Carissimi ragazzi, cari professori e cari genitori,
sento il dovere, che viene dal profondo del cuore, di ricordare l’amico Arch. Cristiano Zani, che ha condiviso con me ed Alberto Grassi l’onere e l’onore di amministrare nell’ultimo quinquennio la Fondazione Conservatorio San Niccolò, facendosi carico degli impegni e delle connesse preoccupazioni di questo mandato, unico negli eventi straordinari che lo hanno attraversato (dal crollo delle mura di cinta, alla scelta della nuova Preside, al venir meno dopo quasi 700 anni della presenza stabile della famiglia religiosa delle suore domenicane, alla pandemia ancora in corso), ma raccogliendo anche le tante gioie che esso ci ha riservato.
Lo ha fatto con la sua indole da genovese, a volte un po’ scontroso e imperscrutabile, ma sempre con grande generosità, coraggio e leggerezza.
Cristiano aveva la dote rara di essere competente in molte cose: architetto per professione; uomo di cantiere, come piaceva definirsi; amante e conoscitore della musica; poeta per diletto.
Si è subito innamorato di San Niccolò, credo perché gli abbia consentito di esprimere due sue passioni: quella per la crescita degli studenti, per il cui bene ha sempre riversato una particolare attenzione, e quella per la conservazione e valorizzazione dello straordinario patrimonio architettonico del nostro Conservatorio. Davvero per lui, il motto della nostra scuola “crescere insieme nella bellezza” rappresentava una vocazione.

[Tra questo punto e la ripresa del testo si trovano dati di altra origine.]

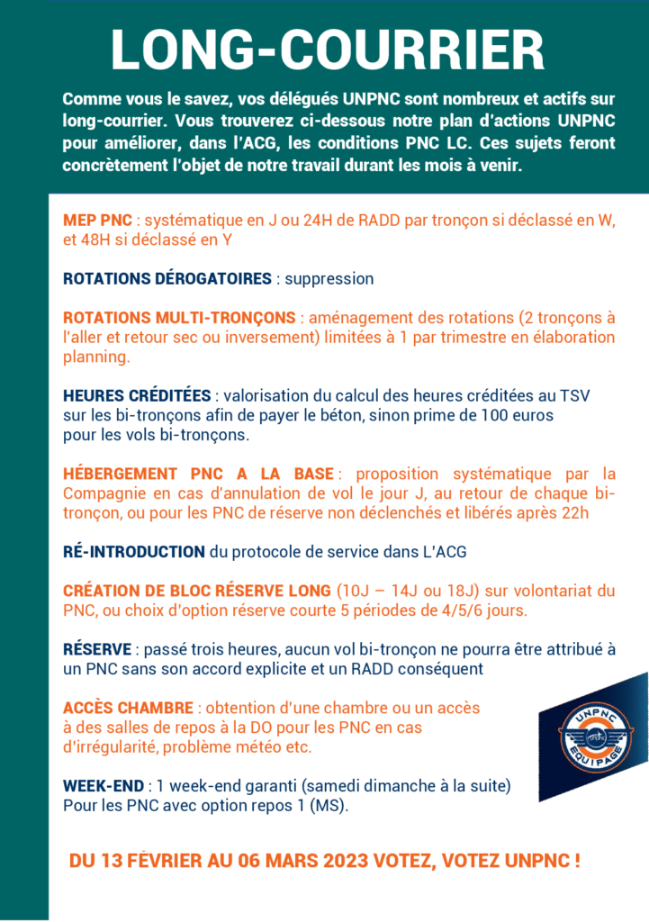 NOTRE PLAN D’ACTIONS LONG COURRIER Auteur/autrice de la publication :La rédaction Publication publiée :février 3, 2023 Post category:Actualités Air France Read more articles Article précédentNOTRE PLAN D’ACTIONS MOYEN-COURRIER Article suivantELECTIONS CSE 2023 – UNPNC : MANDAT 2019 – 2023 Vous devriez également aimer Cmc Biométrique janvier 16, 2019 Enquête-Action nationale sur le cancer du sein juillet 22, 2019 Ho Ho Ho, Cadeau au adhérent UNPNC décembre 9, 2019

Io perdo un amico, con il quale ci siamo sempre confrontati apertamente, ma so che da lassù potremmo continuare a contare sul suo sostegno, che a maggior ragione non mancherà a sua moglie Elena ed ai suoi ragazzi Filippo e Giovanni, ai quali ci stringiamo.
Di una cosa non ho mai dubitato: della sua fede per un Dio che ha sempre conservato come guida e compagno di viaggio.
Vi lascio la poesia che Cristiano ci ha donato all’inizio di questo 2021, come soleva fare ad ogni ricorrenza.

Sperando che il 2021
sia solo normale
non eccezionale.
Solo un anno, fatto di giorni, di sere, di notti,
di mesi e stagioni, di domeniche e fine settimana.
Di vita quotidiana.
Auguri di rivederci in tribuna a tifare i ragazzi,
a inveire, sbeffeggiare, a scuotere la testa.
Auguri senza frizzi e senza lazzi,
festoni e programmate evasioni.
Che il 2021 porti virus più buoni.

Un abbraccio, caro Cristiano e viva San Niccolò!